→ Exercise: All of the data should be output character for character, except the pictures.

→ Information supplied:
----------

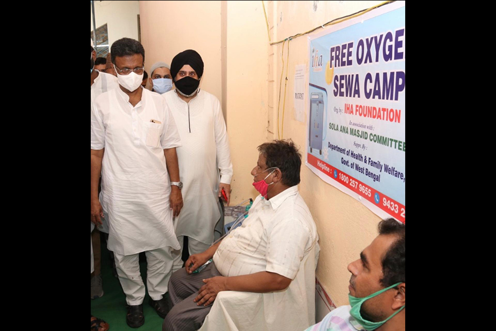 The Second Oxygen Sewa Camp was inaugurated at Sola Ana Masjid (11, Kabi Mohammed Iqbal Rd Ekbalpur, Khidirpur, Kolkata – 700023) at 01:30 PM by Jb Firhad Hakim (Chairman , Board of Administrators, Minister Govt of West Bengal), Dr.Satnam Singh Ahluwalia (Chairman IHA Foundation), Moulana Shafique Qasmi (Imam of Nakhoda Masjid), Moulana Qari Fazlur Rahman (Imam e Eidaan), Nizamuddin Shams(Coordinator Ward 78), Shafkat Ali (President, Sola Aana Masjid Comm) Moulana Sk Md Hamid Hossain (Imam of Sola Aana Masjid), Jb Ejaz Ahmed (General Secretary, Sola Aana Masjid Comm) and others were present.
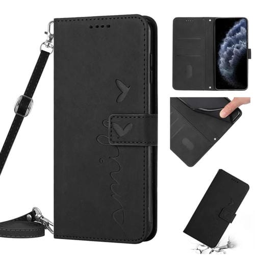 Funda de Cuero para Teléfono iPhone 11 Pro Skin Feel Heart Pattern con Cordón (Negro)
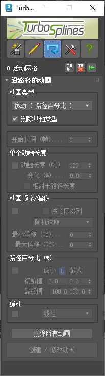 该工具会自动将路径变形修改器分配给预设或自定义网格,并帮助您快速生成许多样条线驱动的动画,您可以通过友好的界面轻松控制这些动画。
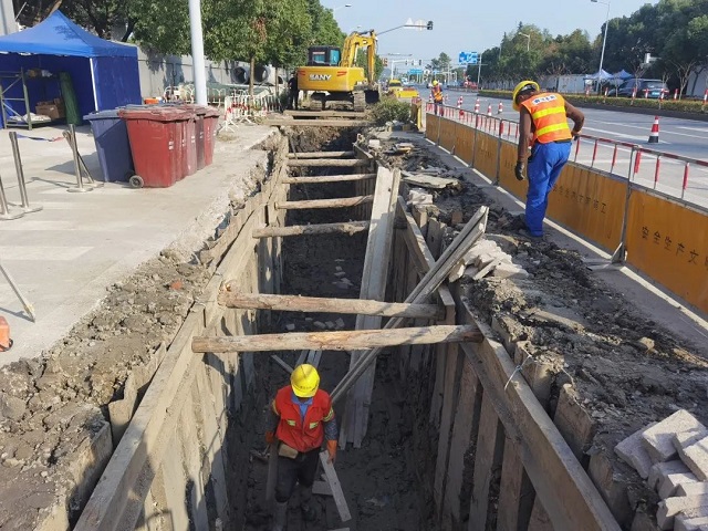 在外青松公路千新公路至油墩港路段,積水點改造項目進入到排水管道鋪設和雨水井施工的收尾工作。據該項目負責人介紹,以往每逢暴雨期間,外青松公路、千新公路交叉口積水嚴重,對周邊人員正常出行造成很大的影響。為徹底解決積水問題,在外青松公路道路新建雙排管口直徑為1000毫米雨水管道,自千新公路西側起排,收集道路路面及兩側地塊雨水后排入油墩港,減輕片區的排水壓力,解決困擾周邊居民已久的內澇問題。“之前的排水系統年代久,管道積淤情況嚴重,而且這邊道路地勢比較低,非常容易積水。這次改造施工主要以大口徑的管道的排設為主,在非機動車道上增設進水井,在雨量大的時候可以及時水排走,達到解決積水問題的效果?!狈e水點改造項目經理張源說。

----------

→ Answer to this problem:
 The Second Oxygen Sewa Camp was inaugurated at Sola Ana Masjid (11, Kabi Mohammed Iqbal Rd Ekbalpur, Khidirpur, Kolkata – 700023) at 01:30 PM by Jb Firhad Hakim (Chairman , Board of Administrators, Minister Govt of West Bengal), Dr.Satnam Singh Ahluwalia (Chairman IHA Foundation), Moulana Shafique Qasmi (Imam of Nakhoda Masjid), Moulana Qari Fazlur Rahman (Imam e Eidaan), Nizamuddin Shams(Coordinator Ward 78), Shafkat Ali (President, Sola Aana Masjid Comm) Moulana Sk Md Hamid Hossain (Imam of Sola Aana Masjid), Jb Ejaz Ahmed (General Secretary, Sola Aana Masjid Comm) and others were present.
 Funda de Cuero para Teléfono iPhone 11 Pro Skin Feel Heart Pattern con Cordón (Negro)
 该工具会自动将路径变形修改器分配给预设或自定义网格,并帮助您快速生成许多样条线驱动的动画,您可以通过友好的界面轻松控制这些动画。
 在外青松公路千新公路至油墩港路段,積水點改造項目進入到排水管道鋪設和雨水井施工的收尾工作。據該項目負責人介紹,以往每逢暴雨期間,外青松公路、千新公路交叉口積水嚴重,對周邊人員正常出行造成很大的影響。為徹底解決積水問題,在外青松公路道路新建雙排管口直徑為1000毫米雨水管道,自千新公路西側起排,收集道路路面及兩側地塊雨水后排入油墩港,減輕片區的排水壓力,解決困擾周邊居民已久的內澇問題。“之前的排水系統年代久,管道積淤情況嚴重,而且這邊道路地勢比較低,非常容易積水。這次改造施工主要以大口徑的管道的排設為主,在非機動車道上增設進水井,在雨量大的時候可以及時水排走,達到解決積水問題的效果?!狈e水點改造項目經理張源說。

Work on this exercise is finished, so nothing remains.